Our model also revealed cancer sites with low to moderate magnitude of heritability; candidate genes for these traits have been previously identified. The genetic basis of colorectal cancer has been characterized for 2 syndromes: polyposis coli, a rare disease involving numerous colonic polyps where germline mutations in the APC gene have been noted,33 and hereditary nonpolyposis colorectal cancer (HNPCC), where mutations in the DNA mismatch repair genes have been detected.47 HNPCC may stand for 1–3% of all colorectal cancer cases.48, 49 For gastric, renal and bladder cancers, some dominant susceptibility genes have been identified, including E-cadherin, VHL and Rb, but they are rare and explain only a small proportion of familial cancers.37, 38 Cancer of nervous system is increased in several known dominant cancer syndromes.37, 38 Much less is known about the genetic basis of lung cancer; common polymorphisms in genes coding for xenobiotic metabolism have been suggested to play a role in susceptibility to lung cancer.50
One possible bias of our study model is the inability to cope with nonadditive (recessive) genetic effects, as these would be completely masked by childhood environmental effects. For example, the high proportion of shared childhood environment found for cancer of testis could actually be due to recessive mode of inheritance.
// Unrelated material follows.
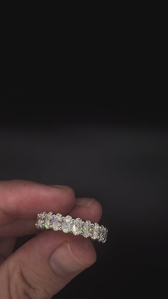טבעת איטרניטי מרהיבה עם שיבוץ מלא של אבני מואסנייט בצורת אובלים (Oval Cut) – כל אבן בגודל 0.30 קראט, למראה עשיר, נוצץ ויוקרתי.
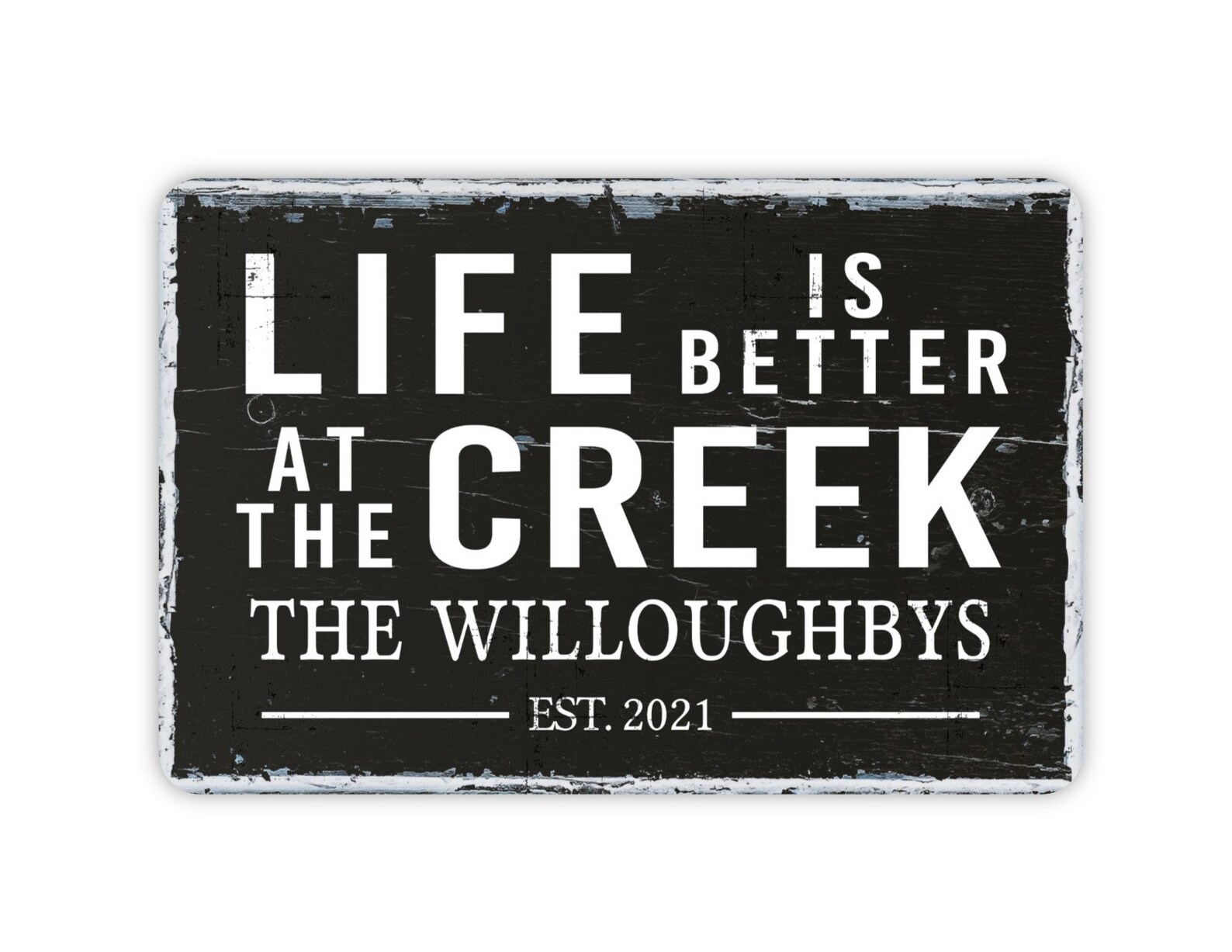 Design: Vintage Style Personalized Life Is Better At The Creek Metal Sign

Epidemiologic studies and segregation analysis have suggested that family data on testicular cancer fits a recessive or X-linked pattern.51, 52 Another potential limitation of our study is that all similarities among spouses were assumed to stem solely in shared environmental effects after marriage. There is, however, the possibility of assortative mating, which—if present in the cancers discussed here—would lead to the overestimation of the shared environmental parameter and a concomitant underestimation of the genetic influences.
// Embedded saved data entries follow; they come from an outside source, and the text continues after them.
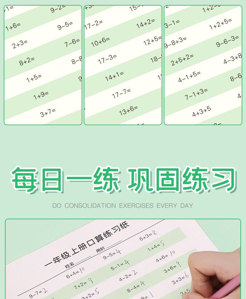 Детские карточки с вопросами для первого класса для устного счета для школьников для обучения математике, цифровая тетрадь для тренировок, практика каждый день, сложение и вычитание, умножение и деление, тренируйтесь каждый день
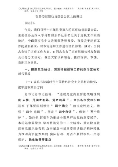 / 【七哥公文】2025年:在县委巡察动员部署会议上的讲话+更多免费公文+VX:QiGeGongWen2024
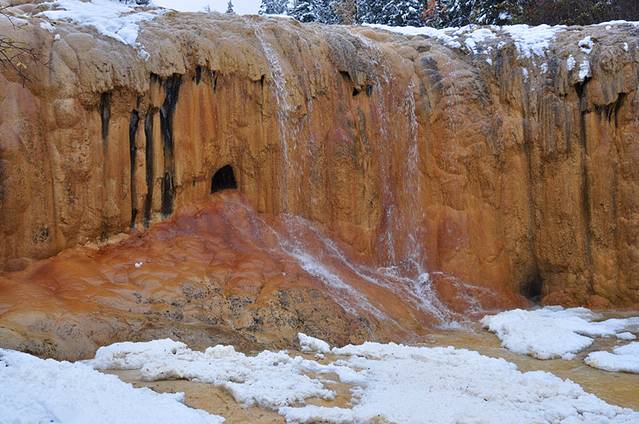 洗身洞瀑布 海拔3280米,在高10米,宽40米的钙华塌陷壁上有高一米、宽1.5米的溶洞,名曰洗身洞,传说该处是仙人净身修道的地方。奔涌的水流在钙华壁跌宕成一道金碧辉煌的钙华瀑布,十分壮观。
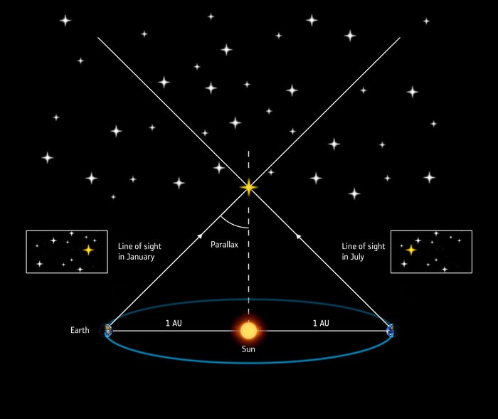 Con este método se puede determinar la distancia a un objeto lejano con sólo observarlo desde dos posiciones distintas. Por ejemplo, como la Tierra se desplaza en su órbita alrededor del Sol, si tomamos la medida de la estrella en una fecha determinada, por ejemplo, el 15 de enero y un tiempo después, por ejemplo, el 15 de julio, medimos cuánto se ha movido la misma con respecto al fondo, sabiendo las posiciones de la Tierra en esas fechas y el ángulo del paralaje podemos hacer este cálculo por trigonometría

Another limitation with our study is that, except for cohort analyses that we used for cervical cancer (invasive and in situ), melanoma and lung cancer, the model used cannot take age-dependent genetic effects into account. However, our results correlated well (Spearman correlation coefficient = 0.87; p < 0.001) with previously published risks for offspring of affected parents from the same Database24 where age is taken into consideration. Therefore, our models seem to identify the magnitude of the familial effects reasonably well. However, the limitations of our study design suggest that the heritability estimates provided by our study are the lower limits of the importance of genetic effects. In addition, it is likely that statistical analyses better detect the genetic effects for early-onset cancers than for late-onset cancers where the offspring has not yet had the chance to contract the disease.
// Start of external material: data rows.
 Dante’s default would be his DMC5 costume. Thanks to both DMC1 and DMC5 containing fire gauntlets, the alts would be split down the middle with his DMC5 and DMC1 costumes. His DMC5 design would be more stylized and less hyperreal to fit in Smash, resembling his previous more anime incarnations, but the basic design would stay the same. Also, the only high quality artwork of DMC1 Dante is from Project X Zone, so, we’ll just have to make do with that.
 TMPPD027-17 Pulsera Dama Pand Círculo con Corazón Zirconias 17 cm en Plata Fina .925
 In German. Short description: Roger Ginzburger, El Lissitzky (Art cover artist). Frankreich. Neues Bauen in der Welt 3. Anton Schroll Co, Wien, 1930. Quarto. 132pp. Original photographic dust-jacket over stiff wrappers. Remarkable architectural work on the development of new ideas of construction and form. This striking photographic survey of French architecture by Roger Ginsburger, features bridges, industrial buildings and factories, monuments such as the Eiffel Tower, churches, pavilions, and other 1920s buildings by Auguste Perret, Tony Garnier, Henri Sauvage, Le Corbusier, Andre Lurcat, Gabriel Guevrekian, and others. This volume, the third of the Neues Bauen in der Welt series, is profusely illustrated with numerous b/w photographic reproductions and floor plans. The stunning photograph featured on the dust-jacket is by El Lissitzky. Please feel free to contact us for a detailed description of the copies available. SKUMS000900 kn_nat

We have used structural equation modeling developed for twin studies to study the importance of genetic and environmental effects for cancer susceptibility. Our statistical model provided a good fit to the data from the Database, but whether the model is biologically correct remains to be established.18, 19 Statistically significant estimates of heritability were obtained for all studied cancers except leukemia. These estimates were from 1–53% and for most cancers clearly exceeded the estimated proportions due to single-gene defects, which may imply operation of low penetrant genes or polygenes. Interestingly, the combined estimates for heritability and shared environmental effects correlated highly with the parent-offspring familial effects even though such comparison does not give information about how the absolute values of the estimates from these 2 different models would agree. Nonshared environment accounted for the main effect, but shared and childhood environments could also be apportioned. The model and results presented herein will be useful parameters in the interpretation of familial aggregation of cancer.